> TASK TO COMPLETE
Report each line of the data that has "policijos" somewhere in it.
Start of SUPPLIED MATERIAL
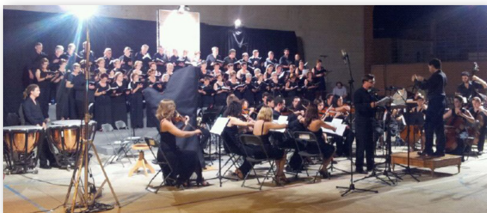
4 d'agost. Actuació de l'orquestra Ensemble Col legno al Vé Cicle de Música Vicent Garcés
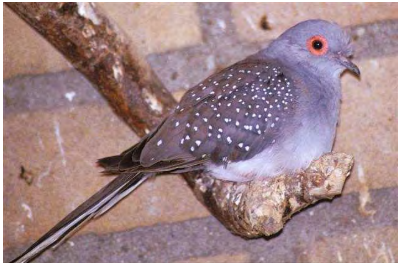
Fig. 3 Diamantduif doffer wildkleur

De vleugels zijn donkergrijs met gebogen regelmatige rijen witte stippen of vlekjes.
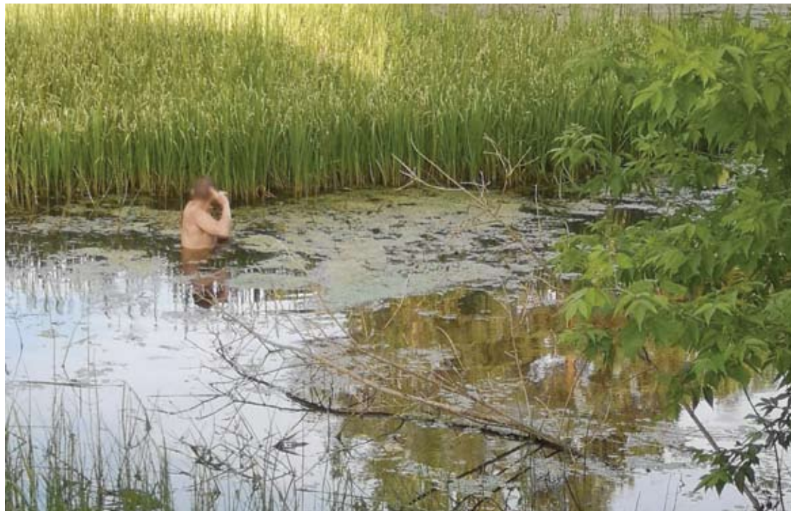
Sprukdamas nuo policijos pareigūnų, Grikiapelių kaimo gyventojas šoko į tvenkinį.

Joninių, birželio 23- iosios, vakarą Vikonių (Svėdasų sen.) tvenkinyje murkdėsi vyras, o nuo kranto jį stebėjo policijos pareigūnai.
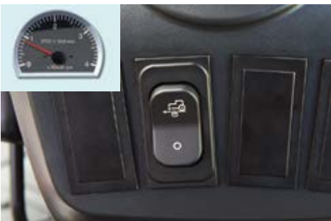
HST Cruise tempomat (standardno za HST modele)

Kada je "Vežani HST" uključen pedala HST pogona je sinkronizirana sa okretajima motora. Pritiskom na jednu od pedala povećavaju se okretaji i potrebna snaga da savlada veće opterećenje. Na taj se način smanjuje potrošnja goriva i pojednostavljuje upravljanje traktora, posebice sa prednjim utovarivačem ali i brojnim drugim priključcima.
End of SUPPLIED MATERIAL
> EXERCISE RESPONSE
Sprukdamas nuo policijos pareigūnų, Grikiapelių kaimo gyventojas šoko į tvenkinį.
Joninių, birželio 23- iosios, vakarą Vikonių (Svėdasų sen.) tvenkinyje murkdėsi vyras, o nuo kranto jį stebėjo policijos pareigūnai.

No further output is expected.